Thanks to Dr. Tom Blinn for the following which got me thinking in the right
direction:
============================================================
The classic reason for an error in gethostbyaddr() (which has a man
page, it's a standard C library function) is that the host address
can not be found in the "hosts" database. It's a bit messier than
that, but that's the usual cause. The man page doesn't tell you that
the error codes are defined in /usr/include/netdb.h and if you go
look in that file you'll see that an error code of 0 is defined as
NETDB_SUCCESS with the comment "/* no problem */", so there may be
a bug in the h22agent program's handling of the errors, or there may
be a real error occurring and the reporting logic is wrong (see the
man page to get a sense of how messy this is). Of the two, I'd bet
that there's a bug in the h22agent code, but I have no idea where to
find that code (that software isn't part of the Tru64 UNIX code base
so it's not in any source pool repository to which I have access).
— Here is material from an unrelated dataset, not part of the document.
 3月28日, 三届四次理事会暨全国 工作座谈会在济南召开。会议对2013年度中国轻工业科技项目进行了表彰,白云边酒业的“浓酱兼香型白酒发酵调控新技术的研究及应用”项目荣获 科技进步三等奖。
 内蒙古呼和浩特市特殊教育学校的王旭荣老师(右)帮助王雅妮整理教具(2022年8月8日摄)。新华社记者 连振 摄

In any case, I'm betting that something is trying to connect to the
h22agent program and passing it an IP address it's supposed to use
for some purpose, and the h22agent is attempting to back-translate
the address to a host name, and the gethostbyaddr() lookup is not
returning a name, and instead of just dealing with this, the h22agent
thinks it needs to log a message. If you can figure out what host
it is trying to backtranslate, you might be able to fix this problem
by getting that host name entered into your BIND server. I'd bet it
is the NT machine, especially if that system is supported by DHCP and
the pool of IP addresses parcelled out by the DHCP server are not in
your BIND service with names. If you know the NT system's IP address
you can just try a good old UNIX command line "nslookup" giving it
the IP address and see if it returns a name. "nslookup" uses good
old gethostbyaddr() when you pass it an IP address, after all.
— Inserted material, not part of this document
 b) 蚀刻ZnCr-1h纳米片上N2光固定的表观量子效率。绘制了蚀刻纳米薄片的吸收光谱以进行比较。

============================================================
I believe it's been solved now. I'm not sure exactly what fixed it but
basically it was this: The pc running swcc was old and had not been changed
to DHCP (which we went to about a year ago). The name of the pc was pc-name
with a domain of company.com. It wasn't listed in any DNS table; i.e. I
couldn't 'ping pc-name'. We reconfigured the pc to use DHCP, changed the
domain to pc.company.com (which is what we use now for all pc's), rebooted
and I haven't gotten any of those annoying messages since (oh yes and I
changed the entry for the pc name in the agent and restarted it via
swcc_config). NOTE: Sorry if I haven't explained the solution accurately --
somebody from the network grouped fixed it and I may not have gotten all the
particulars correct. Basically I think the unix server tried to lookup up
the name of the pc in a DNS and couldn't find an entry for it so produced
the message.
Peter Gergen also sent this:
============================================================
This happens when the password from the SWCC is given to the unix server.
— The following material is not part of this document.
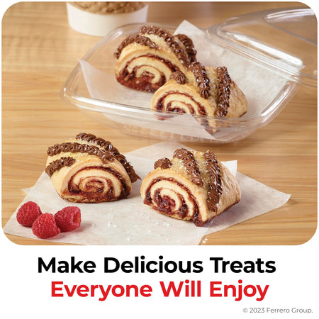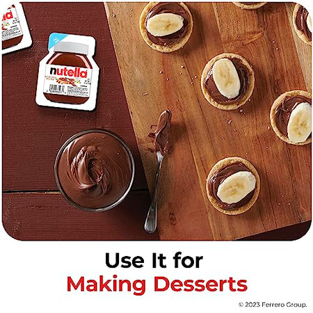 Details: Description Serve up everyone's favorite hazelnut spread with these Nutella Food Service Mini Cups. These adorable single-serve portions of Nutella are perfect for serving tableside to your customers, letting them enjoy and pair the delicious taste of our hazelnut spread with your best menu items. Each .52-oz, single-serve pack of Nutella contains the irresistibly creamy and iconic taste of the hazelnut spread with cocoa that everyone knows and loves. From a sweet ingredient to an irresistible topping, Nutella is perfect to add to all kinds of treats. Adding Nutella can make your cupcakes, muffins, cookies and other unique recipes more irresistible.

============================================================
I was going to look into this next but I don't think I need to now.
Thanks again everybody,
Andy
ORIGINAL QUESTION
=================
Hi,
I've got SWCC running on an NT machine attempting to manage an RA3000 unit
on a DS20E running 4.0F. I keep getting these messages in my
/var/adm/syslog.dated/current/daemon.log:
Mar 25 19:02:50 odin h22agent[6340]: WARNING: Socket error -
gethostbyaddr(): Error 0 occurred. (SP_SOCKET: socketAccept)
Mar 25 19:32:53 odin h22agent[6340]: WARNING: Socket error -
gethostbyaddr(): Error 0 occurred. (SP_SOCKET: socketAccept)
every 30 minutes.
I saw in the archives that somebody posted this question a couple of years
ago but there was no reply. Anybody have an idea how to fix this?
Thanks alot!
Andy
Received on Thu Mar 27 2003 - 18:10:04 NZST